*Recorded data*
+-------+

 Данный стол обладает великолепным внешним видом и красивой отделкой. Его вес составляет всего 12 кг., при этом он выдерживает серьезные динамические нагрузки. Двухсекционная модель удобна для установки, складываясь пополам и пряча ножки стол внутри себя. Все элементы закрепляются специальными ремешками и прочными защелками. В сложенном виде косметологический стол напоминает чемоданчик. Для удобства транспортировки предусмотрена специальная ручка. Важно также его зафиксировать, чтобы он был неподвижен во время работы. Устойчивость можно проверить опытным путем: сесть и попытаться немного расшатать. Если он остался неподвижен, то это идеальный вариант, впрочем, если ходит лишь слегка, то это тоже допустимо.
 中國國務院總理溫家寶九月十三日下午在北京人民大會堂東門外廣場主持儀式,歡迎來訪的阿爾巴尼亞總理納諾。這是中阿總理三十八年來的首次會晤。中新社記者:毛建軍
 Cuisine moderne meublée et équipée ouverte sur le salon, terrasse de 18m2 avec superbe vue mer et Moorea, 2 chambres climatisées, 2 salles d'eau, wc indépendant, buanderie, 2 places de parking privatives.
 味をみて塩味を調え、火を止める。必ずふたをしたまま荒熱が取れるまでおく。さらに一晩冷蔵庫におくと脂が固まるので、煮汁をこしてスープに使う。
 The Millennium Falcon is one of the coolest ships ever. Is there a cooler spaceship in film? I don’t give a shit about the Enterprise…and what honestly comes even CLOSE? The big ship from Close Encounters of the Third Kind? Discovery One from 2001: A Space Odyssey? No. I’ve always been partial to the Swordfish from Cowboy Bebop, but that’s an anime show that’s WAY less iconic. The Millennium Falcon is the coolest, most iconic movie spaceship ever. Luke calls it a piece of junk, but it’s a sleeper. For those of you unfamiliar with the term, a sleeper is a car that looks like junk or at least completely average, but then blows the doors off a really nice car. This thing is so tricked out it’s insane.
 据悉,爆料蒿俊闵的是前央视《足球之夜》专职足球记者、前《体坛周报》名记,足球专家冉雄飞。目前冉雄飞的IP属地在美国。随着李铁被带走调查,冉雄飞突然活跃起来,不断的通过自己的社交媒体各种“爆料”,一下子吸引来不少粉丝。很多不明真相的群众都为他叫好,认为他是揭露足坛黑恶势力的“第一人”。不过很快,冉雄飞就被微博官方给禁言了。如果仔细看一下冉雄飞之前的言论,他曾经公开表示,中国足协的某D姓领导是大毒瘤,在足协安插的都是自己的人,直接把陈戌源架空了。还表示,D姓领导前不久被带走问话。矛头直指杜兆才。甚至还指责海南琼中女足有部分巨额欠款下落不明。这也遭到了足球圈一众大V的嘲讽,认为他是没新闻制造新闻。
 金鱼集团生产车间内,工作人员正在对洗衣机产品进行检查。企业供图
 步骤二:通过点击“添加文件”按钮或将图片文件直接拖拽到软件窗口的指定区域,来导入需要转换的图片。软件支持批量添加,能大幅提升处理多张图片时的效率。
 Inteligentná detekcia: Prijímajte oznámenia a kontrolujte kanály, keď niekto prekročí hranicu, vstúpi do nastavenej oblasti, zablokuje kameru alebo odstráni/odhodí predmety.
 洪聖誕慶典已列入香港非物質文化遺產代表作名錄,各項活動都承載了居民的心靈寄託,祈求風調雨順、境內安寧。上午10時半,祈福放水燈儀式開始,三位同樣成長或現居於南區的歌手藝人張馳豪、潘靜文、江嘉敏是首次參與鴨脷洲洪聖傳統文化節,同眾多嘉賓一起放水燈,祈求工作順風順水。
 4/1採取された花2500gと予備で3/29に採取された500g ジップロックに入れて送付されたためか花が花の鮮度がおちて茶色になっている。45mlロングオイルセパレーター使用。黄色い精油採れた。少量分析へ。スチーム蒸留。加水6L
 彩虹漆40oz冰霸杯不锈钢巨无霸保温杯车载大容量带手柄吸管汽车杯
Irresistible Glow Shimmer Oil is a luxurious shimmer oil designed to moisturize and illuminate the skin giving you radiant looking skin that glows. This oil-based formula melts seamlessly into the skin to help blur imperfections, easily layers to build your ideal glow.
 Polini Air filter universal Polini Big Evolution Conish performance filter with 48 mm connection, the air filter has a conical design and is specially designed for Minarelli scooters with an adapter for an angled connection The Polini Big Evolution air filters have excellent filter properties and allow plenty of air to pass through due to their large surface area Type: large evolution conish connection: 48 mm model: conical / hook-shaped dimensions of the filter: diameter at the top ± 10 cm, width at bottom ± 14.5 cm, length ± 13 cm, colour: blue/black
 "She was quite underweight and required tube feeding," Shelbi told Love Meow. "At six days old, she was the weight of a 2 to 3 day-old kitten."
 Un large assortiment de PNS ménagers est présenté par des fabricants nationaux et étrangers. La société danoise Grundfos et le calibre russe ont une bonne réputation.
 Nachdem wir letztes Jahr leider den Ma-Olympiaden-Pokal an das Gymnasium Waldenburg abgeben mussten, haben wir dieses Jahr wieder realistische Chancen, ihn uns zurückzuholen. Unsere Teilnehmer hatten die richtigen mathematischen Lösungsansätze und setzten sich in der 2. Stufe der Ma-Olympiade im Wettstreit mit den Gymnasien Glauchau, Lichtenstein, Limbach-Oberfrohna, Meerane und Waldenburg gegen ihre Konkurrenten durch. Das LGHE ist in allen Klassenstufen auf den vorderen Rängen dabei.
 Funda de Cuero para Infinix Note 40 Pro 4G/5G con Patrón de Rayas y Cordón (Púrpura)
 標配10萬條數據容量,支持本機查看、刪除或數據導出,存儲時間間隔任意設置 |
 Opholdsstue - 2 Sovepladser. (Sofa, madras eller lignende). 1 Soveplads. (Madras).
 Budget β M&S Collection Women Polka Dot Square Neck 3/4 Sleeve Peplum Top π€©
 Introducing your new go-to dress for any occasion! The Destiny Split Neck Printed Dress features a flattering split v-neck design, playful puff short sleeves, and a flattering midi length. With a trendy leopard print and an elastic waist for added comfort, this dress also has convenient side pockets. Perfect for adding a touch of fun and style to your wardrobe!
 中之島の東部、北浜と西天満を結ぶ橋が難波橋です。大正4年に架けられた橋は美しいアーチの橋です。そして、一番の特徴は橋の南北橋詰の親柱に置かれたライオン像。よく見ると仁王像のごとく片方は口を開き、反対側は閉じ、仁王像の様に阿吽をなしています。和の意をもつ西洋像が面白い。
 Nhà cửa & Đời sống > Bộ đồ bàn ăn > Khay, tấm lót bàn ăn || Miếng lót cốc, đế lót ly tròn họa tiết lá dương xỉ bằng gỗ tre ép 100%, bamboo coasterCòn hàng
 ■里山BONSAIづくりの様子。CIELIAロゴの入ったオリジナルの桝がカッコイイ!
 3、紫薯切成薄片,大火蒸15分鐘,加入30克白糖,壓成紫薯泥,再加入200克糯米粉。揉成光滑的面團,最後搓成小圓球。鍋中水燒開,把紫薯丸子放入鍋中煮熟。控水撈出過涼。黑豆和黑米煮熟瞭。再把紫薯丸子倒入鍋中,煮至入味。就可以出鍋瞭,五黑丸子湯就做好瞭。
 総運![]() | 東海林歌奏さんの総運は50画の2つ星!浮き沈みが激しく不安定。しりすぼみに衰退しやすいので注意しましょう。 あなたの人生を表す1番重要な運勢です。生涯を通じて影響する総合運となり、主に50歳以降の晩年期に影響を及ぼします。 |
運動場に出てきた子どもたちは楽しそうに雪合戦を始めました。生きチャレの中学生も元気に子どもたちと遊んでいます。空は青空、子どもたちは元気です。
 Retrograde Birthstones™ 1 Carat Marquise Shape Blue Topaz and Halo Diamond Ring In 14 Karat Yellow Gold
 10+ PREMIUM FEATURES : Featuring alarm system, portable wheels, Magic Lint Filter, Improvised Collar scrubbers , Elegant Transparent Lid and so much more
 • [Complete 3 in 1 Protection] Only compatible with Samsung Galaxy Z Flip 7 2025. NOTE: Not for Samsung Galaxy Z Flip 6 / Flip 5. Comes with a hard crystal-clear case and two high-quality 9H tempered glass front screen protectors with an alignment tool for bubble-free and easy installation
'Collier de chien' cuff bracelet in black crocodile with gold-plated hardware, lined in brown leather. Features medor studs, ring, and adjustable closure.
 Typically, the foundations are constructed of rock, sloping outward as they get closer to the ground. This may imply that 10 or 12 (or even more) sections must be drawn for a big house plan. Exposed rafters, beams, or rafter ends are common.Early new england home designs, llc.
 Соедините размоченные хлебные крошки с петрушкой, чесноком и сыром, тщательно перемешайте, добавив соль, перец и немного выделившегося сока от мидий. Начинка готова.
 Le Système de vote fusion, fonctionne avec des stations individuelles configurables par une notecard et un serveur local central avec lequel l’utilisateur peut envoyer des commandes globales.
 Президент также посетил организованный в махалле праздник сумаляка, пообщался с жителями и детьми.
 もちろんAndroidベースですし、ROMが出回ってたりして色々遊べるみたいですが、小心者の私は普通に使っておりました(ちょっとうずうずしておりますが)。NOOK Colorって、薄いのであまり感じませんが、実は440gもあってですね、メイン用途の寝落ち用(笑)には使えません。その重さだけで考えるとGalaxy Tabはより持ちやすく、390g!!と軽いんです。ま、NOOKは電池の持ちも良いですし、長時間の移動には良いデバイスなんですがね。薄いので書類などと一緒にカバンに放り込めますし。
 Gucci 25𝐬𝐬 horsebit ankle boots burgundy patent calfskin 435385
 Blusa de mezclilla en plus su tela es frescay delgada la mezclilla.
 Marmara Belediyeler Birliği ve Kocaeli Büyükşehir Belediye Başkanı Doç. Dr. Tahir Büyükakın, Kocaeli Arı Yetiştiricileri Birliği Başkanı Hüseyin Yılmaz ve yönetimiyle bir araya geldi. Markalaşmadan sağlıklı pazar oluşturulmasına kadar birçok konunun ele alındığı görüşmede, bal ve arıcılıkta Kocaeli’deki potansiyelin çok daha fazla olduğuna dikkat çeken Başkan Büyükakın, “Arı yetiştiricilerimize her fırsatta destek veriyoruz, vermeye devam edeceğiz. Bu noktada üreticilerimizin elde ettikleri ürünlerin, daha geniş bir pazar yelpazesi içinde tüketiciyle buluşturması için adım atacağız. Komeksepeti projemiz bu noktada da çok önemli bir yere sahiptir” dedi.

+-------+

Among the records above, extract exactly the lines from the line with "Retrograde Birthstones™ 1" to the line with "and adjustable closure.", both lines included, and leave out the rest.

*Result for this task*
 Retrograde Birthstones™ 1 Carat Marquise Shape Blue Topaz and Halo Diamond Ring In 14 Karat Yellow Gold
 10+ PREMIUM FEATURES : Featuring alarm system, portable wheels, Magic Lint Filter, Improvised Collar scrubbers , Elegant Transparent Lid and so much more
 • [Complete 3 in 1 Protection] Only compatible with Samsung Galaxy Z Flip 7 2025. NOTE: Not for Samsung Galaxy Z Flip 6 / Flip 5. Comes with a hard crystal-clear case and two high-quality 9H tempered glass front screen protectors with an alignment tool for bubble-free and easy installation
'Collier de chien' cuff bracelet in black crocodile with gold-plated hardware, lined in brown leather. Features medor studs, ring, and adjustable closure.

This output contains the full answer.